WHAT IS EXPECTED:
Find the line with "Muscogee County Prison Facility of the Year" in the data below. Repeat it and every line after it up to the end, exactly, but drop the pictures.

EXCERPTED RECORDS Block Start

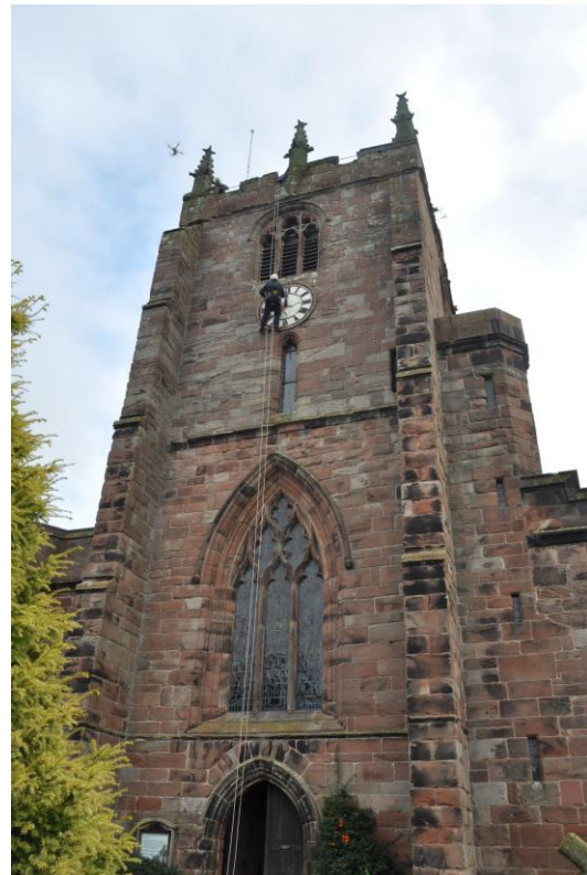
Repairs to the clock demanded some impressive work to remove the hands.

Repairs to the 1873 church turret clock were completed in November which involved removal of the external hands so the drive shaft could be withdrawn. We are grateful for the fundraising organised by the bellringers which avoided any call on
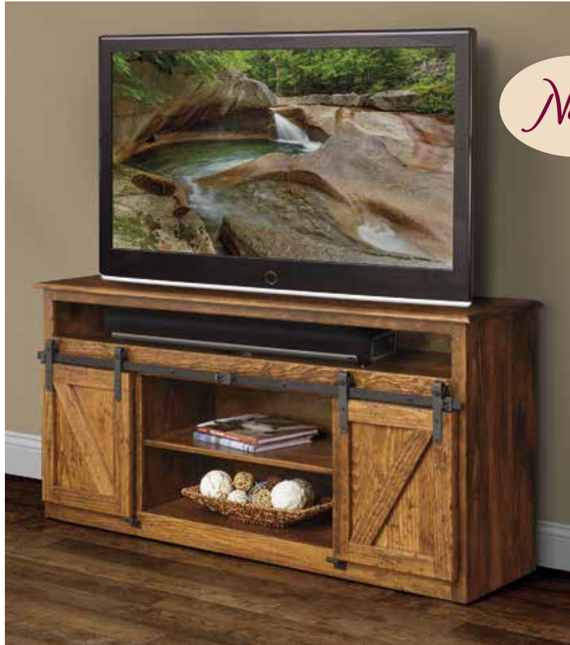
7030BD2 70" Barn Door TV Console with Sound Bar Opening 70"w x 16"d x 30"h Shown in Heavy Distress, Special Walnut
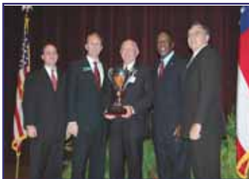
Muscogee County Prison Facility of the Year

The Probation Circuit of the Year honors went to the Atlantic Judicial Circuit .
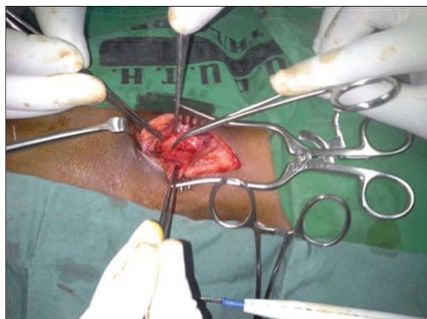
Figure 2: Exposed tracheo-esophageal fistula

EXCERPTED RECORDS Block End

TASK RESULT:
Muscogee County Prison Facility of the Year

The Probation Circuit of the Year honors went to the Atlantic Judicial Circuit .
Figure 2: Exposed tracheo-esophageal fistula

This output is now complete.